The Indians knew the trades of hunting and fur and exchanged their skins for the goods offered by the French, firearms, metals and fabrics. They also taught the first settlers to orient themselves in the extensive and hard forests existing throughout the mentioned area and to travel in canoes the abundant rivers and tributaries that crossed them.
This exploitation of the area’s animal resources, its fur processing and trade with France, brought intermittent clashes between tribes and settlers. As these demanded many more skins for their trade, than the tribes hunted for their subsistence. In the 1630s and 1640s, the Iroquois began attacking other Indians and French settlers who hunted for trade themselves. Also, native beliefs were affected and harmed by white activity. Because the Iroquois believed that they should be compensated by the French with prisoners, by reason of their relatives who died in these areas and by those who died from contagious diseases.
This triggered a series of armed conflicts. They were characterized by more or less deep incursions into enemy settlements. And it unleashed a self-destructive spiral of fur hunting, its wild trade and blood revenges, that shocked New France. At this time, the French government decided that New France was not profitable for it and did not take additional measures to protect its colonists.

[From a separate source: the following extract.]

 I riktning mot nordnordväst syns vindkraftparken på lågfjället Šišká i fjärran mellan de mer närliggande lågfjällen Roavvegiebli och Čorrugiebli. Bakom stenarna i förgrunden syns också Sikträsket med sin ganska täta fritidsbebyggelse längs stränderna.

Thus, the governor of the French-Canadian settlement of Trois-Riviers developed an effective defense plan. Based on early warning, the rapid grouping of armed settler militias, close to the Indian attack, training of those as irregular light infantry, and acting with sufficient aggressiveness. And in 1653 he rejected a 9-day siege, the result of which led the Indians to negotiate peace.

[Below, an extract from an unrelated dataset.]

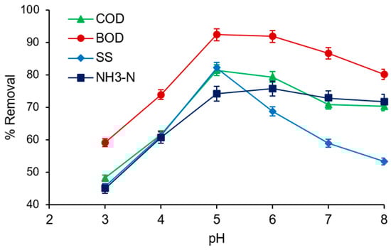 Influence of pH on the removal of COD, BOD, SS, and NH3 from SRPE using FeSO4·7H2O as a coagulant. Doses 1 g/L, coagulation time of 60 min, and sedimentation time of 60 min.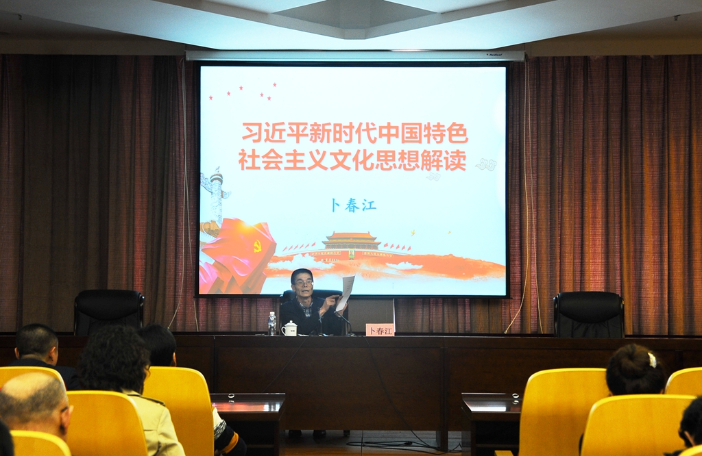 24日下午,哲學與法學學院黨委書記卜春江以《習近平新時代中國特色社會主義文化思想解讀》為題,為輪訓班全體學員帶來了一場專題講座,詳盡闡述了習近平新時代中國特色社會主義文化思想的歷史定位和重大意義、習近平新時代中國特色社會主義文化思想的基本內(nèi)容、堅持以習近平新時代中國特色社會主義文化思想為指導,建設社會主義文化強國等三個方面的內(nèi)容。

But, in the next decade, the tribes managed to invade and control much of the rural, free areas of New France. The main reason for this strategic defeat of the French was the colony’s meager population. About 3,000 French and Canadians lived there, including soldiers from the colonizing company and regular ones, trappers, merchants, woodcutters-farmers and small artisans, and about 500 women.
In 1663, King Louis XIV (the Sun King) decided to change the situation of his North American colony and qualitatively strengthen its defense and demographics. To do this, the crown paid some 800 women their trip to New France to get married. They were young and poor women from all over France. And half of them also received dowries and trousseau. And so, they all acquired a better future than they could aspire to in the metropolis. The women selected their husbands, touring the settlements of the colony. And, most were getting married soon. Wealth of the colony in survival means allowed the easy survival of the women and their children in New France.

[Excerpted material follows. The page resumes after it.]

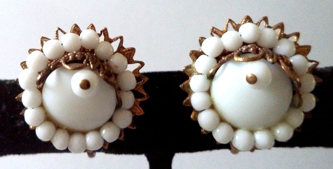 *RARE* VINTAGE UNSIGNED MIRIAM HASKELL MILK GLASS 7/8" SCREW EARRINGS!!! G6844J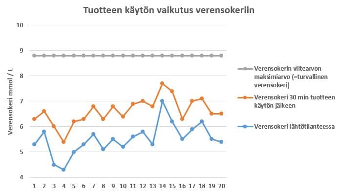 Alla olevassa kuvassa on havainnollistettu tuotteen käytön vaikutusta verensokeriin. Oranssi käyrä kuvassa kuvaa verensokeria 30 minuuttia tuotteen käytön jälkeen, jolloin verensokeri on korkeimmillaan ja harmaa käyrä havainnollistaa verensokerin viitearvon maksimiarvoa. Tulokset osoittavat, että verensokeri on vielä kaukana verensokerin viitearvon ylärajasta (= varmuudella turvallinen verensokeri).

Furthermore, in 1665 Louis XIV sent 1200 regular soldiers to the colony, which was a qualitative plus for the guarantee of the defense of New France. Within a few months, these metropolitan soldiers, trained for closed-formation fighting, musket discharges by small units, and bayonet assaults, were trained for irregular infantry warfare.
As a result, in 1667 New France and the 5 Iroquois Nations signed a lasting peace treaty. And, in 1701, the French and Iroquois signed a final peace treaty, which lasted until the end of the French colony.
By the beginning of the 18th century, New France had expanded to 20,000 inhabitants. Montreal had 4,000 people and Quebec had 8,000. The other settlements were inhabited by a few hundred settlers and Indians. This allowed the French to establish a series of fortified positions along the Mississippi. They really had testimonial garrisons. But, they served in part for the restraint and rejection of the explorations and expansionist attempts of the English colonists to the west of their settlements. These already reached a population of 2 million souls. The expansion to the north (Canada) seemed to the English to be a very hard bone to gnaw and of little profitability.